* **Assignment**: Leave the pictures out and write out the rest of the listing word for word.

* **Dataset excerpt**:
· · · ·

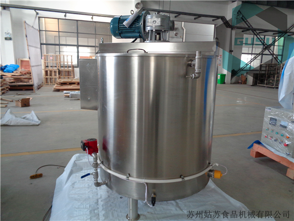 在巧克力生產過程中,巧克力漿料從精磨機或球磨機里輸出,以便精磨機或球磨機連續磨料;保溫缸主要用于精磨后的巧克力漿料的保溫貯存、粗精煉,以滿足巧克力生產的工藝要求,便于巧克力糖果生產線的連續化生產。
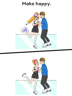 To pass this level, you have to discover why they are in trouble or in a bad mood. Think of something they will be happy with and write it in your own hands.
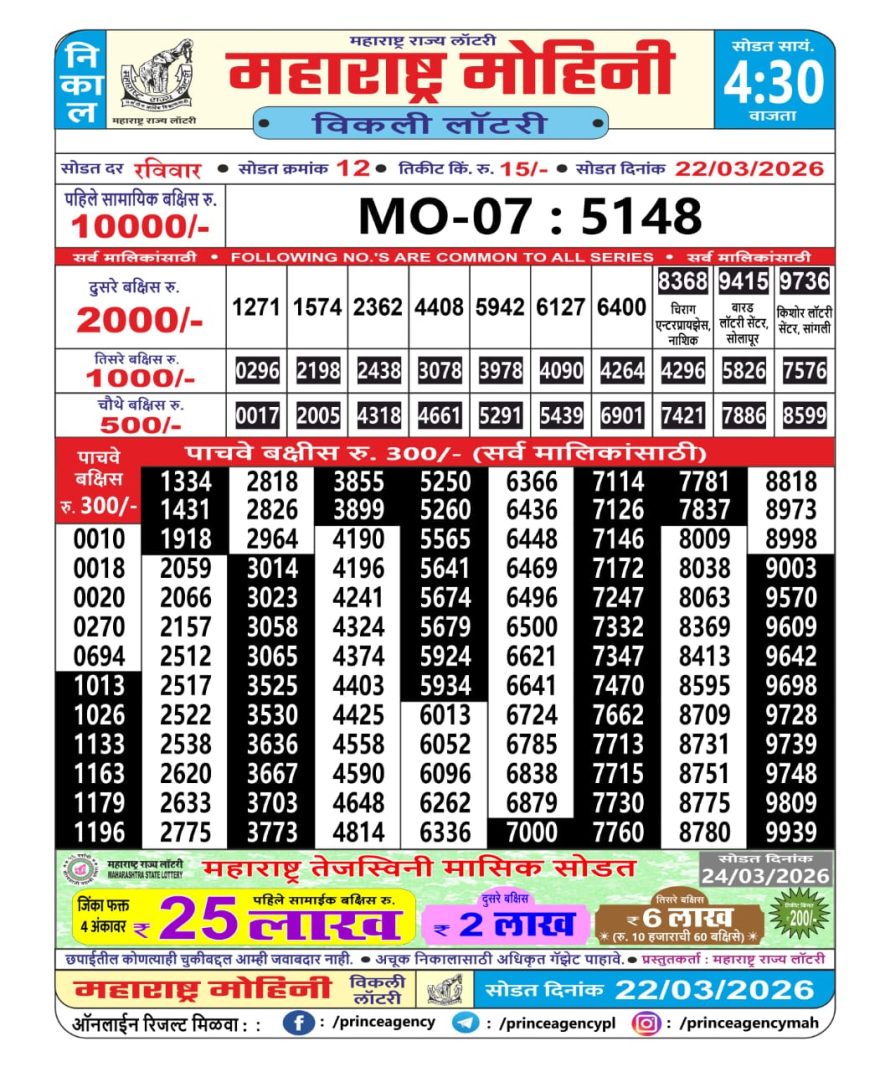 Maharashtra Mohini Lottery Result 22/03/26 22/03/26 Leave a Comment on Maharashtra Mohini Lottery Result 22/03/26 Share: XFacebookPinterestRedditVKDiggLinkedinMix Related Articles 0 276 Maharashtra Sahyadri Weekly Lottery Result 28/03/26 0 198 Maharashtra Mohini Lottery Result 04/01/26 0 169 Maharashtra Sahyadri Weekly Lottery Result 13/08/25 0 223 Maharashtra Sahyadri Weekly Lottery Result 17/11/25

· · · ·

* **Solution to this task**:
 在巧克力生產過程中,巧克力漿料從精磨機或球磨機里輸出,以便精磨機或球磨機連續磨料;保溫缸主要用于精磨后的巧克力漿料的保溫貯存、粗精煉,以滿足巧克力生產的工藝要求,便于巧克力糖果生產線的連續化生產。
 To pass this level, you have to discover why they are in trouble or in a bad mood. Think of something they will be happy with and write it in your own hands.
 Maharashtra Mohini Lottery Result 22/03/26 22/03/26 Leave a Comment on Maharashtra Mohini Lottery Result 22/03/26 Share: XFacebookPinterestRedditVKDiggLinkedinMix Related Articles 0 276 Maharashtra Sahyadri Weekly Lottery Result 28/03/26 0 198 Maharashtra Mohini Lottery Result 04/01/26 0 169 Maharashtra Sahyadri Weekly Lottery Result 13/08/25 0 223 Maharashtra Sahyadri Weekly Lottery Result 17/11/25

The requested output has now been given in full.